Open-world survival games tend to go hand-in-hand with post-apocalyptic settings. What better way to show your survival prowess than in a completely collapsed society? Scrounging for food, having threats that make sense with raiders, mutated creatures, or aliens hunting you down. Most importantly, creating fortifications from scraps to survive. Channel 37’s debut game, The Last Caretaker, takes the post-apocalyptic setting for its first-person survival shooter and adds a really intriguing twist. What if all the humans left, and your role is to help support human life in space… wherever they are.
We got to go hands-on with The Last Caretaker during PAX East 2025 with Co-founder Antti Ilvessuo and Community Manager Jack Pattillo. Firstly, the story is intriguing because of its setting. Being a robot whose whole purpose is to support human life in space, but being the last one around to do this.
The Last Caretaker takes place on an Earth covered in water while you are trying to find human growth chambers, find and defend resources, and send those humans to space. Its story is one that I want to learn so much more about. But it’s not a narrative-focused experience. If you wish, you can play the game without touching the story, refining the process to grow better and better humans. But the story is there if you go searching.

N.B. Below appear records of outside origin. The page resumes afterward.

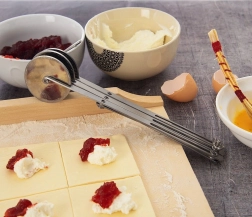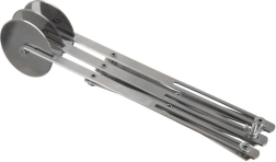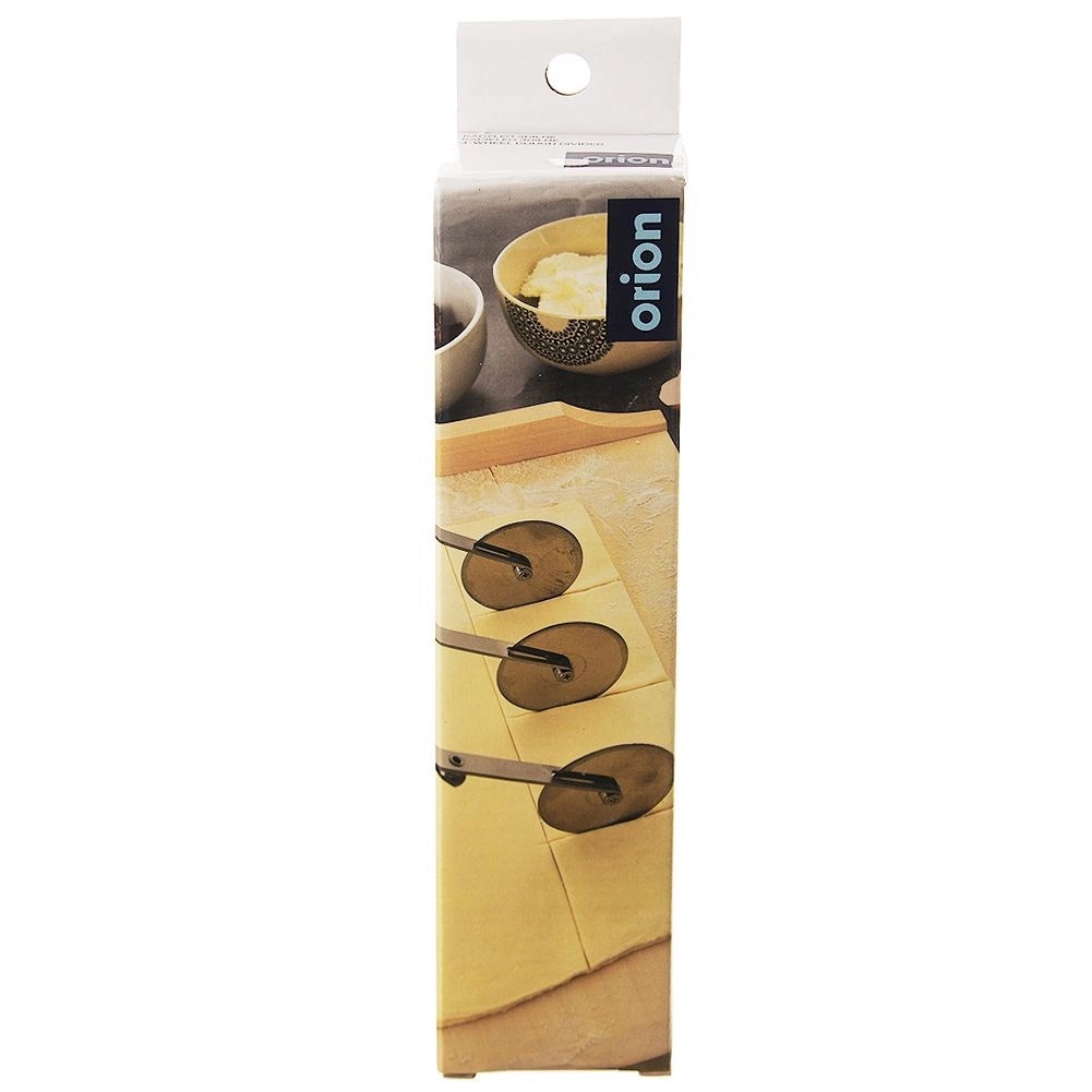 El cortador triple tipo tijera de acero inoxidable es un ayudante fiable para la repostería doméstica y profesional. Tres discos lisos unilaterales de 5,5 cm de diámetro garantizan cortes limpios sin desgarrar ni pegar la masa. El mango largo proporciona un agarre seguro y un guiado cómodo.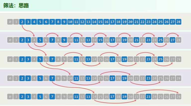 内循环的起点“2 * i”可改作“i * i”;外循环的终止条件“i < n”可改作“i * i < n” //为什么?
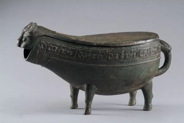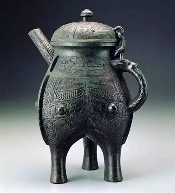 古代炊器,三个空心足,有柄喙,主要当作斟酒器,后亦有温酒功用。《说文解字》段玉裁注:“有柄可持,有喙可写物。”

The world crafted in The Last Caretaker is beautifully serene. It is on a many years later Earth that’s now submerged in water, so there are a lot of questions. But exploring it is going to be a grand one. One of the first things you get is a ship that lets you explore the world. Plus, this ship acting as your base while out in the open seas opens many possibilities for success and failure, specifically with the energy component.
The robot you control runs on electricity, as do the ship’s many features, on top of fuel. Managing those energy levels and finding ways to recharge the ship’s and your batteries adds a unique challenge of survival in a way fitting for a robot surviving in this world. What makes it more fun is how that electricity can be used. Some weapons use electricity as their ammunition. As do specific machines found throughout different facilities, you come across. In The Last Caretaker, you can use the energy directly from your robot to fuel these devices or your weapons. It’ll run your juice out faster, but having the option to leech from yourself in a pinch is pretty ingenious.
The most exciting part of The Last Caretaker is the world itself.
As someone who isn’t usually a fan of survival games, particularly because they feel aimless in an ever-expanding world, Ilvessuo confirmed that the world you’re exploring in The Last Caretaker is set. It’s not procedurally generated, it doesn’t go on forever. And you have missions to complete to reach the ultimate goal of sending new humans to space. All those hints and key lore bits about this world are findable. Not by chance, but by sheer will to explore what this world has for you to find.
So, where does the survival aspect come into play? Well, alien-like creatures will try to attack you in many of the outposts and on the ocean. These leech-like creatures will hop on your ship at night to latch on to you. You’ll need lights on your ship to scare them off. Or on yourself, which drains extra electricity, as a deterrent.
Ilvessuo showed off a particularly creepy nest of bug-like beings, and it would be terrifying to come across them. Plus, defensive robots are protecting something you need to defeat to get around. From what was shown, the gunplay looked sharp. And with the variety of guns, finding strategies to remove each threat will be an intriguing challenge.
Then there is the crafting aspect in The Last Caretaker. Having such a daunting task, you’ll need to craft survival items and new machines to help your mission. And it works well in such an abandoned techno-future. Especially with a tool and machines that can break down just about anything you find (except walls), finding the amount of resources needed to create fuel lines and machinery isn’t such a tough ask.
Plus, breaking down items makes sense in terms of what they give. For example, destroying a tire will give you rubber components. Breaking down a decommissioned robot will give you machine parts and wiring. So, if you know what you need, you’ll just have to find the items that will give it, and they are bountiful, too.
Even with the early look, The Last Caretaker looks very promising, especially for those who are interested in this particular world and all the questions it poses, like, “Are humans still out there?” or “Why am I the last robot left who woke up so late?” The Channel 37 team is doing a lot right, like having a set world to explore that is very vast and interconnected, which would be a great introduction to the survival genre.
The Last Caretaker is coming in Summer 2025 to PC.